Requirement: Using the data below, set down every line from the one containing "One day we took" through the one containing "4、用户在航线雅思学习平台购", inclusive and unchanged. Pictures are to be skipped.

━━━━━━━━━━

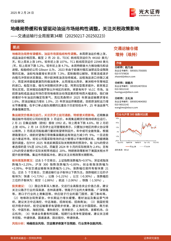 【光大证券】【20250224】交通运输行业周报第34期:地缘局势缓和有望驱动油运市场结构性调整,关注关税政策影响-15页
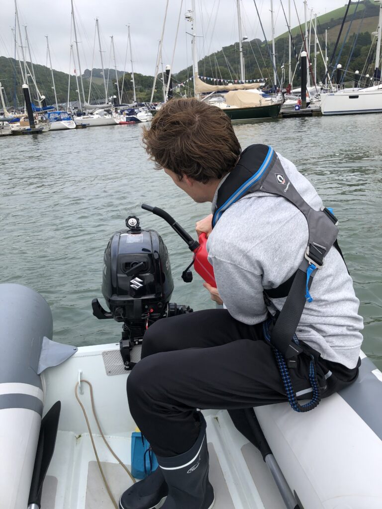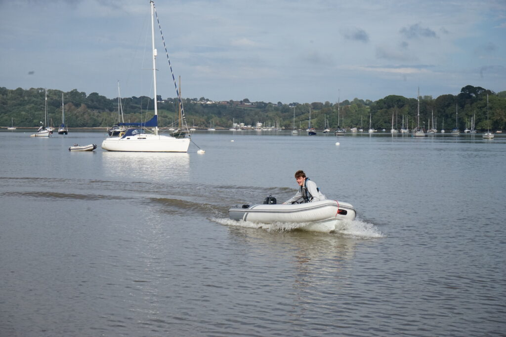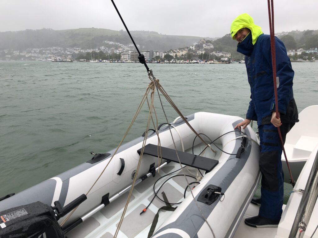 One day we took our dinghy for a test drive and went upstream to Dittisham, a small village where we found a very cosy pub for lunch. On the way back we ran out of fuel, but thinking this might happen we luckily brought a canister of petrol. Drifting quickly in the strong tidal streams we refuelled our outboard and it started again before we crashed into any other moored yachts.
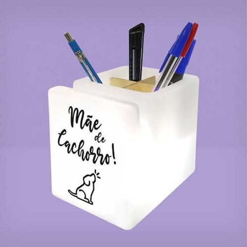 Decore qualquer ambiente com o Organizador de Mesa Iluminado Mãe de Dog, ele vai encantar o seu quarto, aquele seu cantinho especial e até mesmo o seu escritório. Além de ser um item incrível, ele vai deixar a sua mesa mais organizada de uma forma mais divertia.
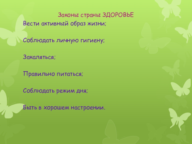 Слайд 13Законы страны ЗДОРОВЬЕ
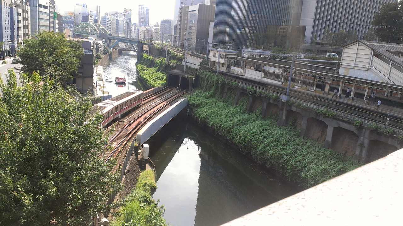 湯島聖堂方向から歩いてきて橋の中ほどから左側お茶の水駅を見おろす感じがたまらなくかっこいいです!
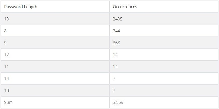 이를 통해 또 다른 비밀번호 1,359건이 빠르게 복호화 되었습니다. 이들 중 대부분은 소문자만 사용했습니다.
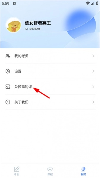 4、用户在航线雅思学习平台购买课程后,可进入“我的”页面,点击“兑换码购课”选项。
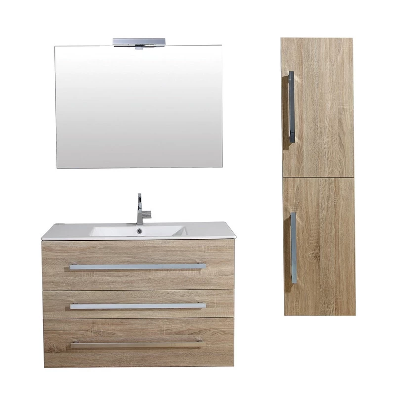 Meuble de salle de bains Senso 100 cm . Plan vasque céramique, panneux et façades en MDF 18 mm. Meuble livré monté à suspendre ou à poser (livré avec 2 pieds), Tiroirs à ouverture total équipés de coulisses soft closing. Miroir sur panneau bois avec applique halogène, livré avec colonne à suspendre 2 portes

━━━━━━━━━━

Answer for this exercise:
 One day we took our dinghy for a test drive and went upstream to Dittisham, a small village where we found a very cosy pub for lunch. On the way back we ran out of fuel, but thinking this might happen we luckily brought a canister of petrol. Drifting quickly in the strong tidal streams we refuelled our outboard and it started again before we crashed into any other moored yachts.
 Decore qualquer ambiente com o Organizador de Mesa Iluminado Mãe de Dog, ele vai encantar o seu quarto, aquele seu cantinho especial e até mesmo o seu escritório. Além de ser um item incrível, ele vai deixar a sua mesa mais organizada de uma forma mais divertia.
 Слайд 13Законы страны ЗДОРОВЬЕ
 湯島聖堂方向から歩いてきて橋の中ほどから左側お茶の水駅を見おろす感じがたまらなくかっこいいです!
 이를 통해 또 다른 비밀번호 1,359건이 빠르게 복호화 되었습니다. 이들 중 대부분은 소문자만 사용했습니다.
 4、用户在航线雅思学习平台购买课程后,可进入“我的”页面,点击“兑换码购课”选项。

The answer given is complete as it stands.